J. Justin Wilson
J. Justin Wilson · July 29, 2019

Minneapolis—Minnesotans became one step closer to having more wine options today when the 8th U.S. Circuit Court of Appeals ruled that two Minnesota wineries can move forward with their challenge to a little-known but onerous state law that severely restricts the kinds of grapes they can use to make wine. Under the law, a winery in Minnesota cannot legally make wine unless a majority of the winery’s grapes are grown in Minnesota. This out-of-state grape cap makes it more expensive for consumers to buy their favorite wines in Minnesota, and reduces their choices, in order to protect the state’s grape industry from healthy economic competition.

The 8th Circuit sent the case back down to the federal trial court to rule on whether the law violates the Constitution’s Interstate Commerce Clause. In 2017, Alexis Bailly Vineyard and Next Chapter Winery teamed up with the Institute for Justice (IJ) to challenge this barrier to free trade. The trial court had thrown the case out, however, because it ruled the wineries did not have “standing” to challenge the law. The 8th Circuit disagreed, stating that “Minnesota is free to offer or not offer the farm winery license or to establish other license options for the production and sale of alcohol. What it cannot do—and what the Farm Wineries allege it has done—is condition a license on compliance with unconstitutional discrimination against out-of-state grape growers.” The court further said the wineries could challenge that discrimination.

Under the Commerce Clause, open discrimination against out-of-state commerce is unconstitutional unless the state can prove that the out-of-state commerce at issue is more dangerous than the in-state commerce, a burden the state cannot satisfy in this case, as the wineries will demonstrate when the case goes back to the trial court.

Nan Bailly, the owner of Alexis Bailly Vineyard, was overjoyed by the opinion, stating “the court recognizes the real burden this law places on us and recognizes the hard work we do at our vineyards.” She added, “We don’t need Minnesota to get in our way, we need it to help allow us to make our wine as we and our customers see best.”

Anthony Sanders, a senior attorney in IJ’s Minnesota office, stated, “The U.S. Constitution was crafted to guarantee free trade among the states. Minnesota is violating this founding ideal by restricting the grapes that wineries can purchase from other states. We look forward to vindicating the constitutional rights of Minnesota’s wine community in the trial court.” Jaimie Cavanaugh, another attorney in IJ’s Minnesota office added, “We are very pleased that the court of appeals saw what is going on in this case: Our clients cannot get a license if they trade more with Wisconsin instead of within Minnesota. But our Constitution says that we are one nation. Fighting for that principle in Minnesota just got a lot easier.”

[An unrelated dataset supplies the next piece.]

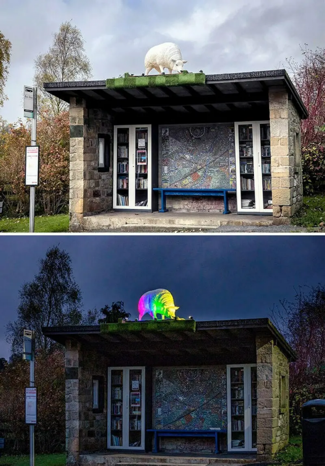Bookcases and a sheep on the roof

Most wines Americans are accustomed to drinking are made with grapes that struggle in Minnesota’s cold climate. Northern grape varieties, which can grow with some difficulty in Minnesota, often produce wine too acidic for most consumers. To make a Minnesota wine palatable, most wineries blend Minnesota grapes with grapes grown elsewhere to create a wine that is essentially Minnesotan but more appealing to a traditional palate. The state’s law mandating Minnesota grapes constitute the majority of a farm winery’s wine therefore handicaps vintners. As a result, the government’s in-state grape requirement restricts farm wineries from producing the broad variety of wines that consumers want—even though these wines would be legal to sell at a wine or liquor store if made out of state.

By contrast, Minnesota’s biggest craft breweries, like Summit and Surly Brewing, are among the most successful in the country, thanks in part to a variety of hops grown in the Pacific Northwest that flavor their signature beers. If Minnesota breweries were instead forced to use mostly hops grown in Minnesota, many of their popular products would become difficult, if not impossible, to offer. This is the separate and unequal problem facing Minnesota’s farm wineries.

The 8th Circuit relied upon a recent Supreme Court ruling, Tennessee Wine and Spirits Retailers Association v. Tennessee, which struck down a limit on new residents getting liquor store licenses in Tennessee. That was also a case litigated by IJ, which represented a small liquor store owned by Doug and Mary Ketchum. These cases were not the first time IJ fought illegal liquor regulations in court. IJ argued a 2005 case, Granholm v. Heald, that saw the U.S. Supreme Court rule it unconstitutional for states to discriminate against out-of-state wineries in the business of selling wine directly by mail to consumers. An IJ victory in this Minnesota lawsuit could similarly roll back harmful regulations on wineries across the United States.